Named after a Spanish missionary of the Oblate of the Most Holy Redeemer, who desired on her deathbed to set up a home for prostituted women, the foundation is sanctuary to 46 women and children. It is operated by the Villa Maria Good Shepherd Sisters Inc., and funded by Karl Kubel Stiftung Germany.
(Cueno requested withholding information about their location for security reasons; five of their clients are involved in pending court cases on child trafficking and white slavery.)
Cueno and Isidora outreach staff and volunteers work the streets day and night just to be there when someone desires to break out. In the streets, parks, bars and outside downtown movie houses and motels, the Isidora network trawls as diligently as the pimps and customers eyeing the girls, many of whom are still in their teens. They come from Siquijor, Butuan, Ormoc and other provinces in Mindanao, recruited by promises of work.
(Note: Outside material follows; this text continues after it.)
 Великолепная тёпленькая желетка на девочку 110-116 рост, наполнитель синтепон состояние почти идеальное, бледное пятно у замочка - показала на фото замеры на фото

But upon reaching Cebu, it is not to households, restaurants or department stores that these girls are brought to. If a virgin, she is sold from P1,500 to P5,000 in high-end casas. The "less valuable" ones are brought to Kamagayan where P500 is the fee greasing a recruiter for every new girl. Cueno says that "hardcore" girls catch on quickly and go back to their hometowns to recruit townmates. It is not unheard of for a worker to show up in Kamagayan with a "catch" of 15 recruits.
Disintegration
The disintegration of these workers can be gauged by the harm they inflict on others and themselves. Initiated to the profession usually by being raped, the girls subsist on a cocktail of drugs to give them resistance and apathy to take on an average of 7-10 customers per shift. While there are some who dream of having a house or other acquisitions, the majority are in it for the easy money to support their drug vice.
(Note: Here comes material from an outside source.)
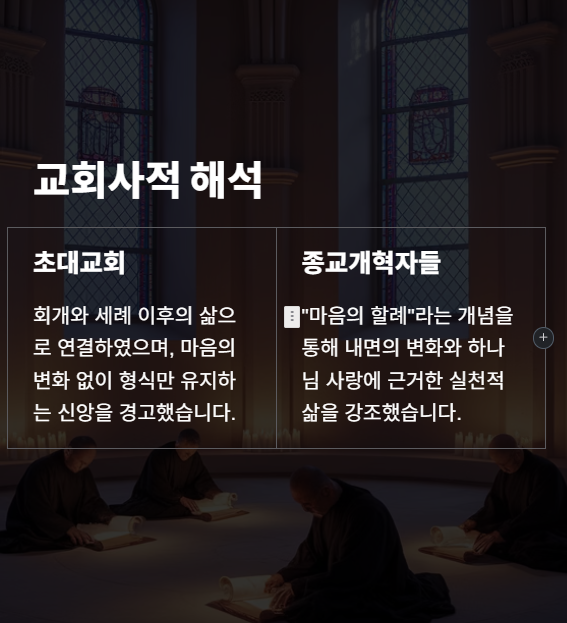 종교개혁자들은 “마음의 할례”라는 개념을 통해 내면의 변화와 하나님 사랑에 근거한 실천적 삶을 강조했습니다.

Cueno says this also includes those who turn to the profession because they were abused as children, come from broken families, were influenced by barkadas, or were fleeing other personal problems.
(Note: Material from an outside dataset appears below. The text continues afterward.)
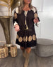 SPECIFIKATIONER Stil: Afslappet Materiale: Bomuldsblanding Kjoletype: A-linje Kjolelængde: Knælængde Halsudskæring: V-udskæring Mønstertype: Ensfarvet Ærmetype: Vidærmet Ærmelængde: Langærmet Detaljer: Patchwork Sæson/årstid: Forår,Sommer,Efterår Lejlighed: Daglig Pakken inkluderer: 1 x Kjole STØRRELSESTABEL (cm) Størrelse Buste Længde S 9...

Yet, despite the depths that they have fallen into, there is in some a desire to get out. Across the Kamagayan red-light district is Belen sa Cebu, a drop-in or temporary shelter for those who walk off the streets. Cueno says that a girl who has only been in the flesh trade for a week or so is recommended immediately for rehabilitation at Balay Isidora.
However, the "hardcore" ones who have spent years in the trade are simply given shelter at Belen without any conditions. "Masterminds of all possible vices," some of them just need to sleep off their drug haze. Not a few have as casually walked out of the shelter, their desire for renewal drowned by a greater thirst for old friends, easy money and drugs.
Plan for life
Although they do not pressure these walk-in clients, Belen social workers are there when the girls look for someone to listen to their problems. Some of them move on to discuss a "plan for life." The clients then begin their rehabilitation, an uncertain process that can stretch for two years or be suddenly cut short when the client backslides and runs away.
At Balay Isidora, the women and their children (some bar managers often refer to them their pregnant workers) can avail of non-formal education, as well as formal education in public and private institutions. Cueno hopes to see more government livelihood programs as these serve as deterrents for prostitution, as well as being alternatives for those desiring to leave the flesh trade.
But more than counseling and training, Balay Isidora's chief value lies in its unconditional acceptance of the women. Cueno was recently requested to be the mother giving away a former client in marriage. The Ormoc native had been "hardcore" for five years. When her husband-to-be asked Cueno for the girl's hand in marriage, he brought his family from Cagayan. They knew about her past but also believed no one ever ran out of second chances.
And this, Cueno believes, is the second prerequisite for healing. More than the person's desire to be whole again, the gift transforming a "hardcore" professional is nothing but a miracle of conversion.